PROVIDED MATERIAL =>

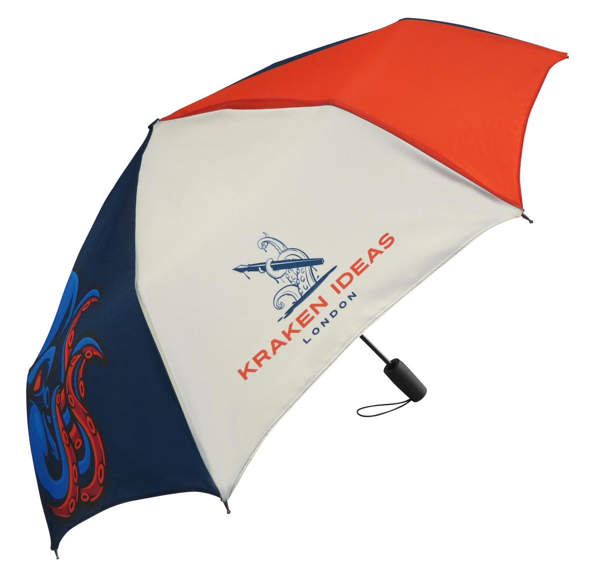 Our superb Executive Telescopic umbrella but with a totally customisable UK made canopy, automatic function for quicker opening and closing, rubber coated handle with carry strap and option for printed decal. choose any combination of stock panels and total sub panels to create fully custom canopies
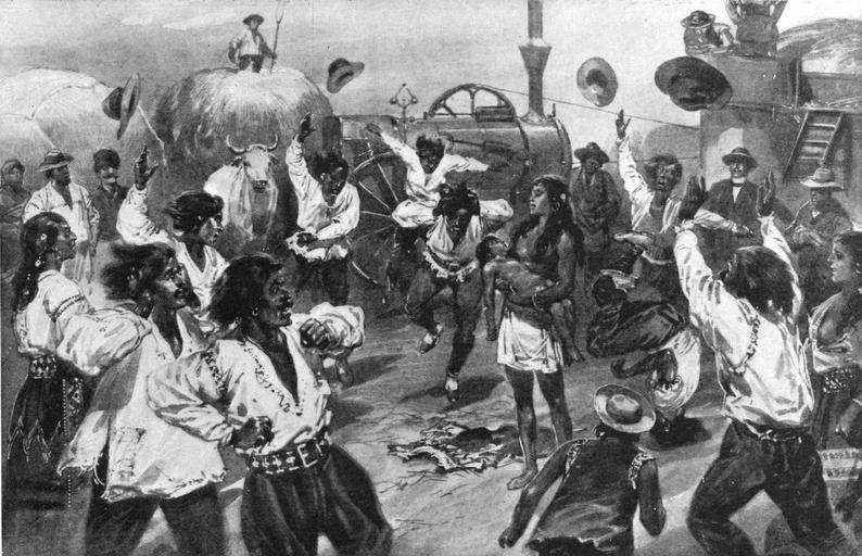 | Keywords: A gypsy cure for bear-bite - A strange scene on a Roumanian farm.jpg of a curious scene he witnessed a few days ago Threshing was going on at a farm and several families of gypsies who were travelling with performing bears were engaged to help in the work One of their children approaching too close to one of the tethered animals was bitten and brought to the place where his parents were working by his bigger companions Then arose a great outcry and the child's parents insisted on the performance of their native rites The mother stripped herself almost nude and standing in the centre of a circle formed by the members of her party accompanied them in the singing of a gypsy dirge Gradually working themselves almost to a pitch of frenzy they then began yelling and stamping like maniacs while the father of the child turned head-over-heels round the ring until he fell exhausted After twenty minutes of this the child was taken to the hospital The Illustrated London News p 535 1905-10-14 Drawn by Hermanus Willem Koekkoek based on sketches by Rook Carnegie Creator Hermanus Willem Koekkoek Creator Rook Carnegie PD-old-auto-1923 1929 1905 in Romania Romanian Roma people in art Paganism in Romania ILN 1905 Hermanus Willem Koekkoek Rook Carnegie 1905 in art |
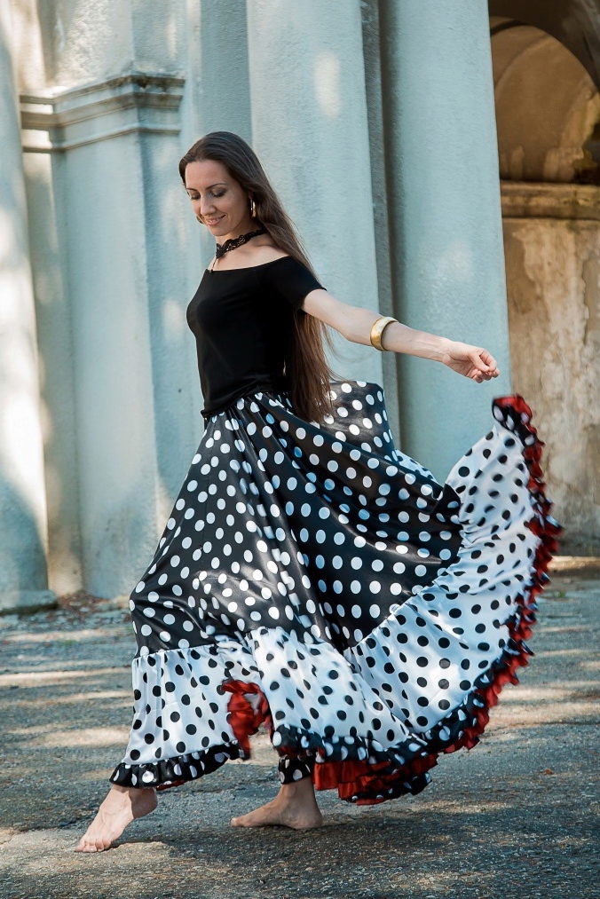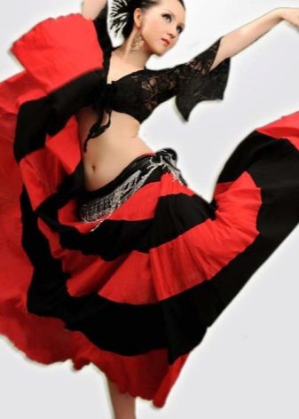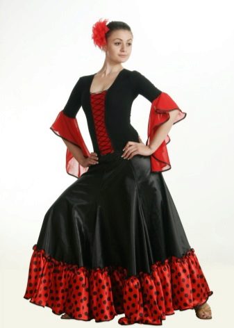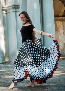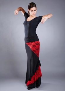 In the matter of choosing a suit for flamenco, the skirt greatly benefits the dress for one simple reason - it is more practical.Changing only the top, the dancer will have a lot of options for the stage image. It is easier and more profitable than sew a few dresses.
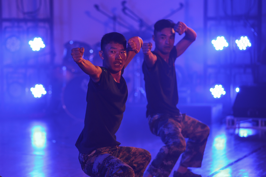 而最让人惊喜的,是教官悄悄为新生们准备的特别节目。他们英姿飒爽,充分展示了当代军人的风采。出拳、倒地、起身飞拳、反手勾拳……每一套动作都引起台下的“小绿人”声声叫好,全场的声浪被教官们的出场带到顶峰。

WHAT IS EXPECTED => What is needed is an exact transcription of the lines from the one holding "In the matter" to the end of the data, with every picture left out.

ANSWER =>
 In the matter of choosing a suit for flamenco, the skirt greatly benefits the dress for one simple reason - it is more practical.Changing only the top, the dancer will have a lot of options for the stage image. It is easier and more profitable than sew a few dresses.
 而最让人惊喜的,是教官悄悄为新生们准备的特别节目。他们英姿飒爽,充分展示了当代军人的风采。出拳、倒地、起身飞拳、反手勾拳……每一套动作都引起台下的“小绿人”声声叫好,全场的声浪被教官们的出场带到顶峰。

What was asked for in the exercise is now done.